(PROMPT)
From the line that contains "Alien Lord Adult" down to the final line below, please repeat each line exactly and nothing more, with no pictures.

RECORDS START

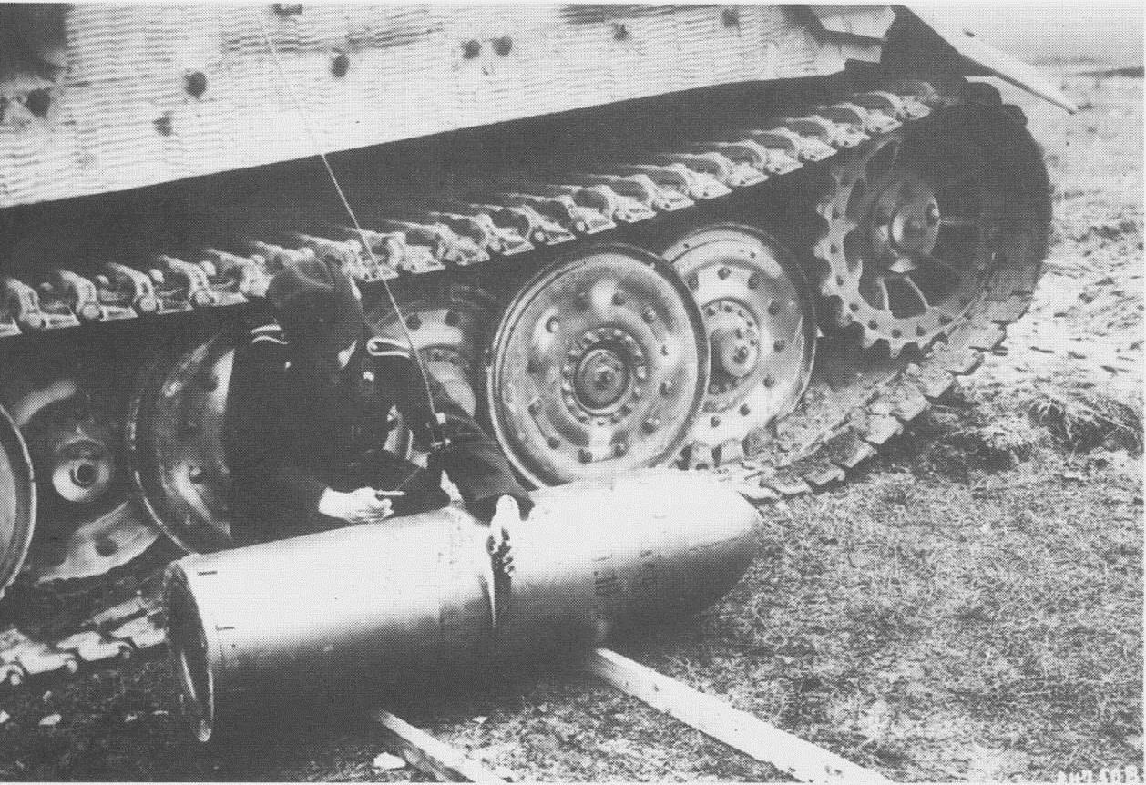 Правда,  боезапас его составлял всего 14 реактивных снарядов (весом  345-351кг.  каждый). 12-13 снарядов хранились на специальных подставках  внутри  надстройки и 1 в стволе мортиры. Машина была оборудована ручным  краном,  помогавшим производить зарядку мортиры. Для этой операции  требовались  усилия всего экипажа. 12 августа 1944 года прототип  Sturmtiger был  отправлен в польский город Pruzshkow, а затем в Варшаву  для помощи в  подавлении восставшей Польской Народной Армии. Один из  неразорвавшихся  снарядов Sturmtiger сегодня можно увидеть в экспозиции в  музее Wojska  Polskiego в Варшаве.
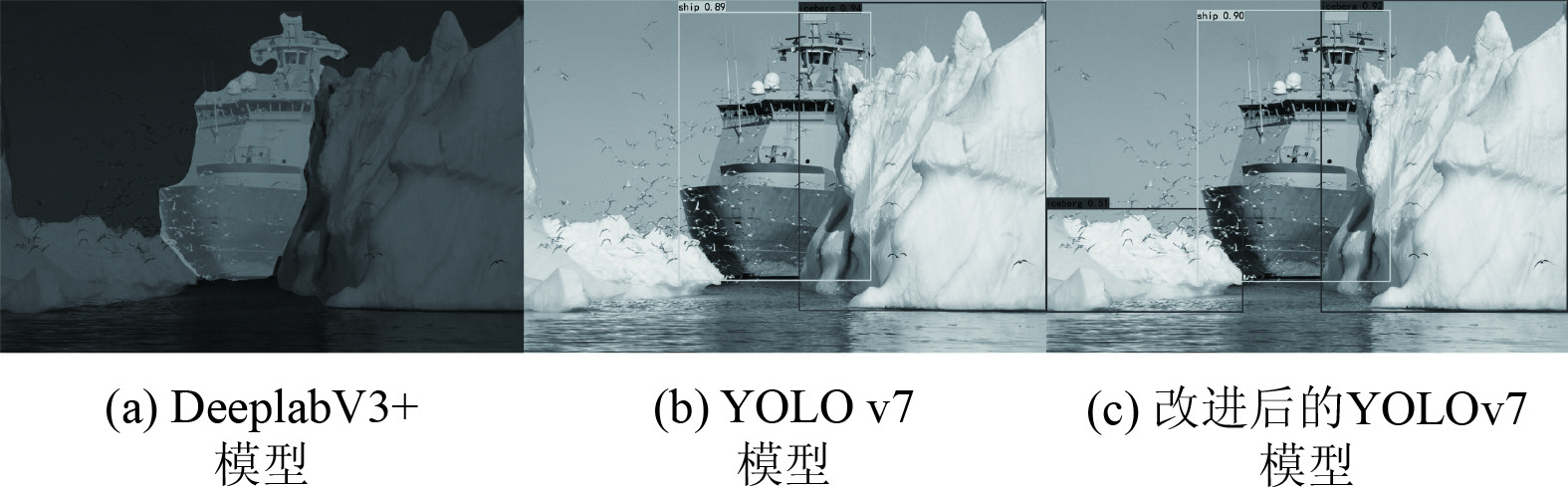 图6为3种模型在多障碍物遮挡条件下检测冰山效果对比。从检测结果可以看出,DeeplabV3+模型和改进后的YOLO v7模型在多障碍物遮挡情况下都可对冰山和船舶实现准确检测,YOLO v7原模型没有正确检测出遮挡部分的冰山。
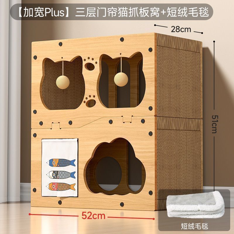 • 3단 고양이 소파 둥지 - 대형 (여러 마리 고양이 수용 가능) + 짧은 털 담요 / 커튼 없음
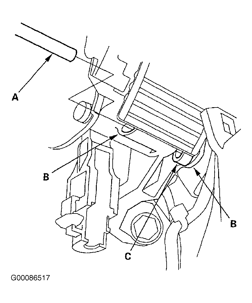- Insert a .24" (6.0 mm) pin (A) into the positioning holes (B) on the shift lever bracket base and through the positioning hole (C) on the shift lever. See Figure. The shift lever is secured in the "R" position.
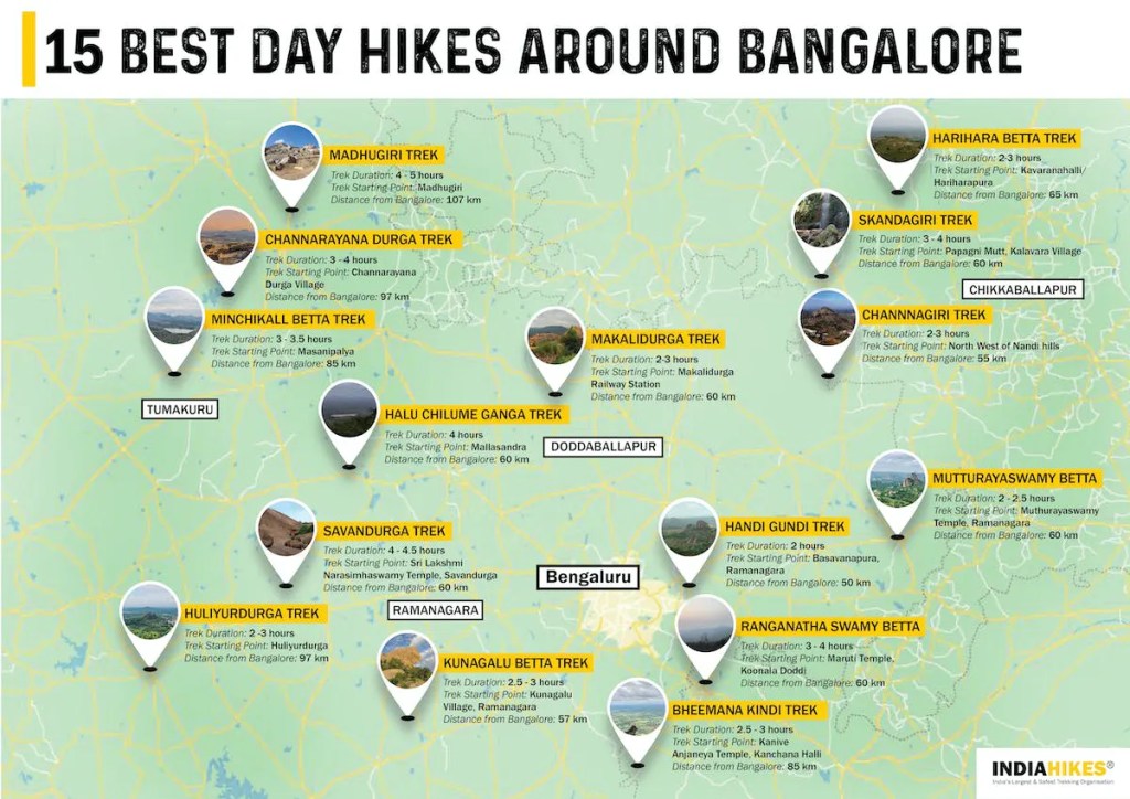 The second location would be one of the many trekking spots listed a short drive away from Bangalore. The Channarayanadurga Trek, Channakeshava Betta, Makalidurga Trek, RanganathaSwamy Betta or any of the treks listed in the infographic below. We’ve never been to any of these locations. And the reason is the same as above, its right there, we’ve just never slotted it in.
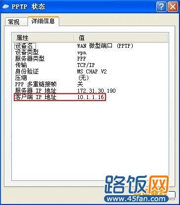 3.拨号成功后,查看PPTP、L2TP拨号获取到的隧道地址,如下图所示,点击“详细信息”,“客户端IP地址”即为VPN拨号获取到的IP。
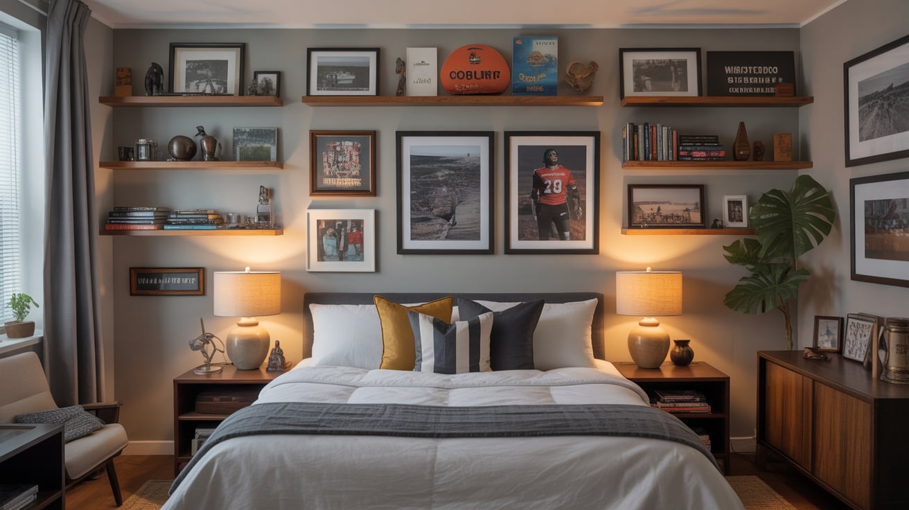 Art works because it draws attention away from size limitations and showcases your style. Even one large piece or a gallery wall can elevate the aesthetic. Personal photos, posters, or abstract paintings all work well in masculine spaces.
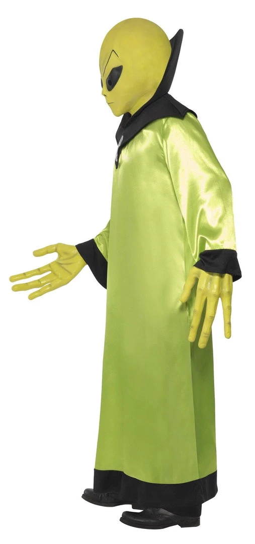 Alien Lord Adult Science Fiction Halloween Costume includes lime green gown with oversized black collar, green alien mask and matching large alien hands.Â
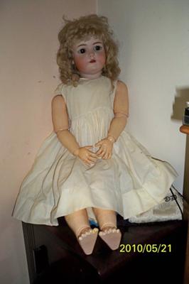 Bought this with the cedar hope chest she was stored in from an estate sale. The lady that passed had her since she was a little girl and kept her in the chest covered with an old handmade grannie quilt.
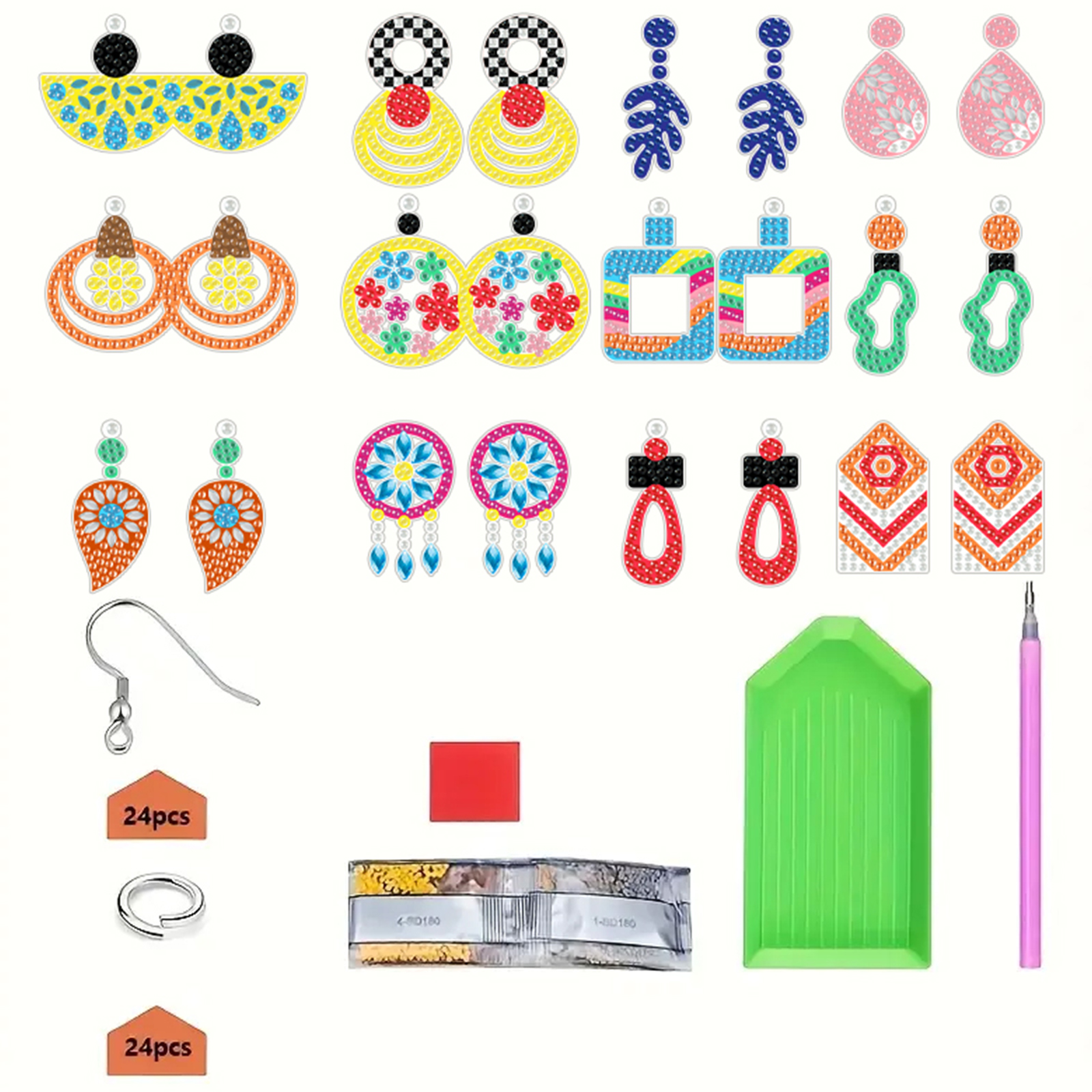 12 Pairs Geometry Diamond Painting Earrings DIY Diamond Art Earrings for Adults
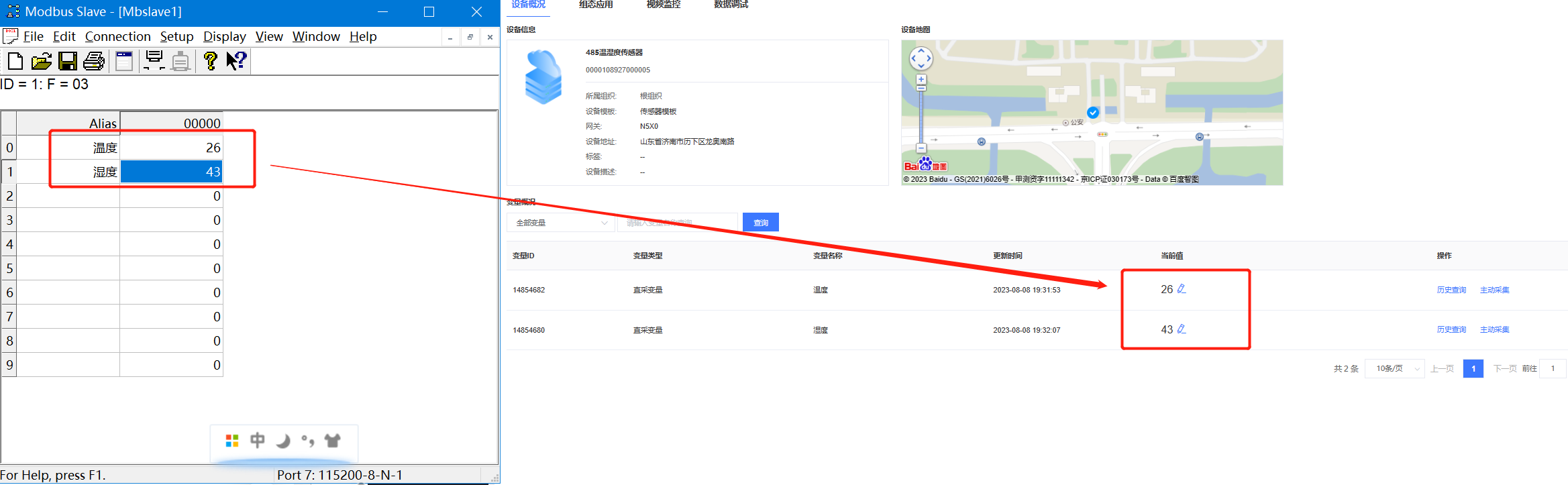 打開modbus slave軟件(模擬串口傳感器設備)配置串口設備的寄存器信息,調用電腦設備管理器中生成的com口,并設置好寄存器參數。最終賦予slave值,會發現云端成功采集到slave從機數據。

RECORDS END

(SOLUTION TO THIS PROBLEM)
 Alien Lord Adult Science Fiction Halloween Costume includes lime green gown with oversized black collar, green alien mask and matching large alien hands.Â
 Bought this with the cedar hope chest she was stored in from an estate sale. The lady that passed had her since she was a little girl and kept her in the chest covered with an old handmade grannie quilt.
 12 Pairs Geometry Diamond Painting Earrings DIY Diamond Art Earrings for Adults
 打開modbus slave軟件(模擬串口傳感器設備)配置串口設備的寄存器信息,調用電腦設備管理器中生成的com口,并設置好寄存器參數。最終賦予slave值,會發現云端成功采集到slave從機數據。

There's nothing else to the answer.